There has been widespread international condemnation of President Trump’s announcement that the US is withdrawing from the 2015 Paris climate agreement.
UN chief Antonio Guterres’s spokesman called it “a major disappointment” while the European Union said it was “a sad day for the world”.
However, senior Republicans and the US coal industry backed the move.
Mr Trump said the accord “punished” the US and would cost millions of American jobs.
In an address at the White House, he said he was prepared to negotiate a new agreement or re-enter the accord on improved terms.
“I was elected to represent the citizens of Pittsburgh, not Paris,” he said.
The Paris agreement commits the US and 187 other countries to keeping rising global temperatures “well below” 2C above pre-industrial levels and “endeavour to limit” them even more, to 1.5C.
Only Syria and Nicaragua did not sign up to the deal.
Why did Trump pull out of the accord?
Mr Trump characterised the Paris agreement as a deal that aimed to hobble, disadvantage and impoverish the US.
He claimed the agreement would cost the US $3tn (£2.3tn) in lost GDP and 6.5 million jobs – while rival economies like China and India were treated more favourably.

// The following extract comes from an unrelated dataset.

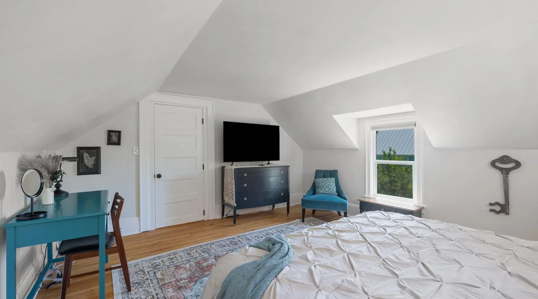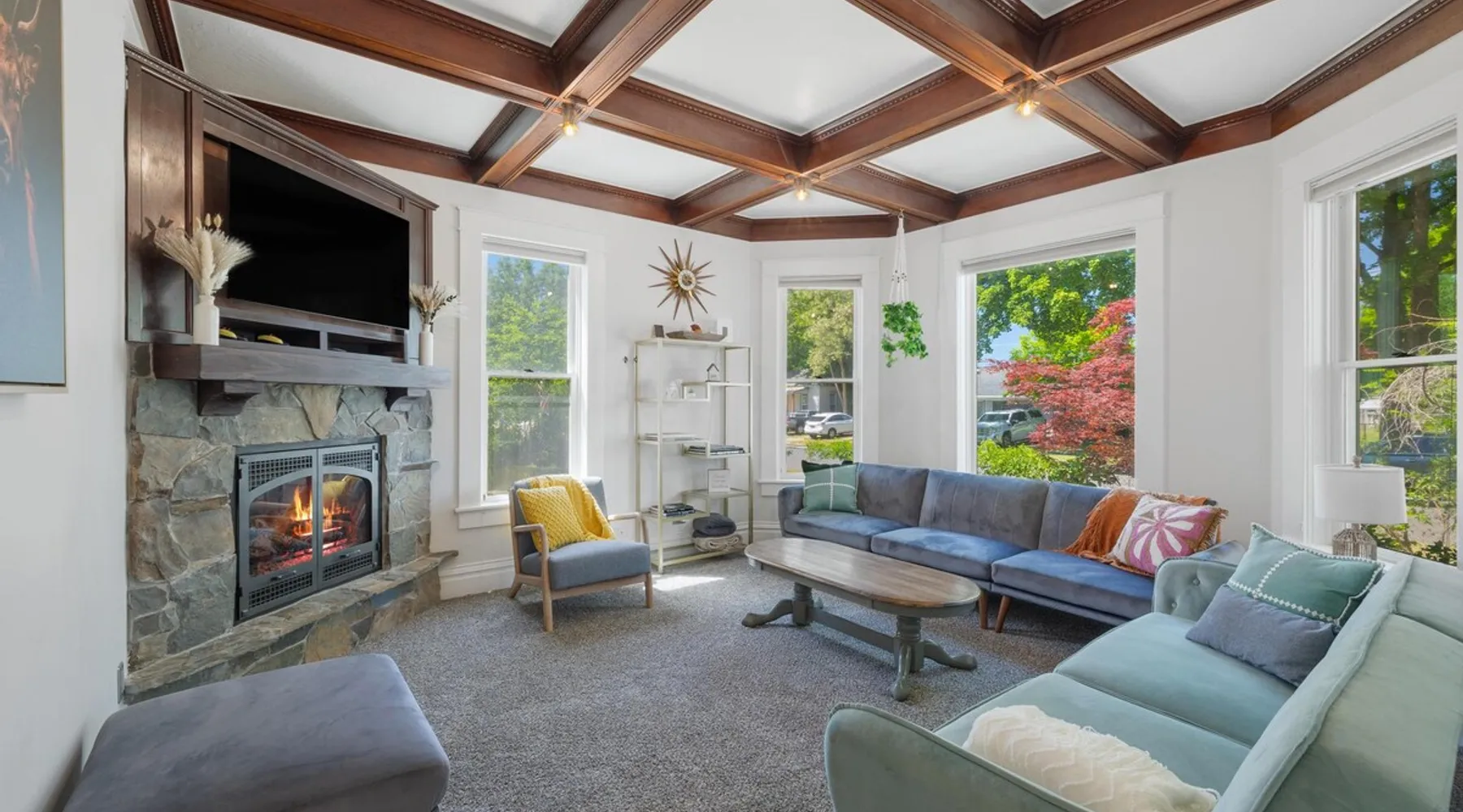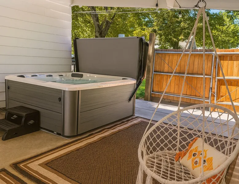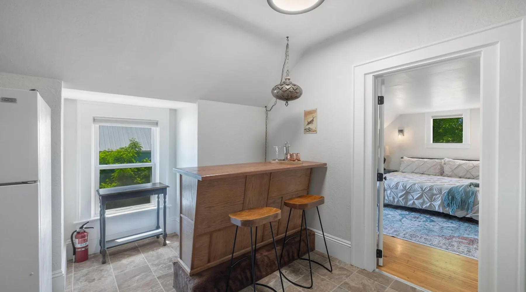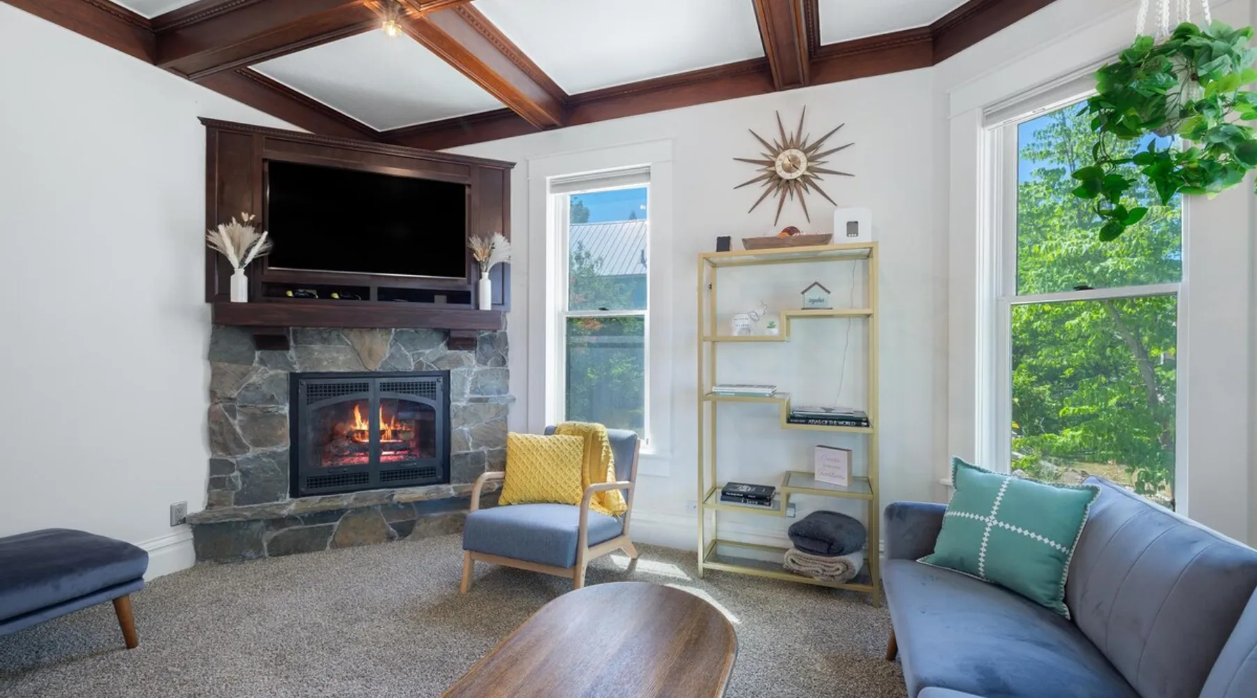 The Landing at Coeur d’Alene blends Craftsman charm with mid-century style just blocks from downtown. This 4BR, 2BA home features two private-entry units, smart TVs, fast Wi-Fi, a full kitchen, kitchenette, and central A/C. Outside, enjoy a fenced yard, 7-person hot tub, Blackstone grill, and outdoor dining. Pet friendly and ideal for families or groups. Walk to Midtown shops, breweries, coffee, and Downtown CDA’s parks, restaurants, and lakefront beach. The space The Landing at Coeur d’Alene features two fully separate units with private entrances, offering flexibility and privacy for families or groups. The main-level unit includes a full kitchen with stainless steel appliances, a dining area, and a living room with a smart TV and video games. Down the hall are two bedrooms with queen beds and smart TVs, a full bathroom with a shower/tub combo, and a laundry room. From the laundry room, step out to the covered back patio, where you'll find a fully fenced yard great for kids and pets, a Blackstone grill, outdoor dining table, and a private 7-person hot tub—perfect for relaxing in every season. Just off the patio is a private entrance leading to the upstairs unit. This space includes a kitchenette with a bar area, a bedroom with a California King bed, and a second bedroom with a Queen-over-Queen bunk bed. Both bedrooms feature smart TVs, and the bunk room also includes video games. A full bathroom with a shower/tub combo completes the upper level. With central A/C, fast Wi-Fi, and a pet-friendly setup, The Landing offers a practical and comfortable home base. It’s ideal for groups who want to stay together but still enjoy personal space—perfect for splitting up adults and kids, or two families traveling together. Enjoy walkable access to Midtown’s markets, breweries, stores, and coffee shops, and take a short stroll or drive to Downtown CDA’s restaurants, parks, boutiques, and the famous Lake Coeur d’Alene with its expansive beach. Guest access Guests have full access to the entire home, including both private-entry units, the fenced backyard, covered patio, hot tub, and all interior amenities. Check-in is a breeze with keyless smart locks on both entrances—no keys to keep track of, and no need to coordinate arrival times. Other things to note - Quiet hours: 10 PM to 8AM - Pet friendly (1 dog per reservation) - 1 Exterior security camera for guest safety - Garage is NOT available to guests Distances to local highlights: - 5 min walk to Midtown shops and breweries - 15 min walk to Downtown CDA, Tubbs Hill, City Beach, McEuen Park - 25 min drive to Silverwood Theme Park

Mr Trump said he was fulfilling his “solemn duty to protect America and its citizens”.
He added: “We don’t want other leaders and other countries laughing at us anymore – and they won’t be.”
Mr Trump did not give a timescale. However, under the agreement, a nation seeking to leave the pact can only give notice three years after the date it entered into force – 16 November 2016.
The process of leaving then takes another year, meaning it would not be complete until just weeks after the US presidential election in 2020.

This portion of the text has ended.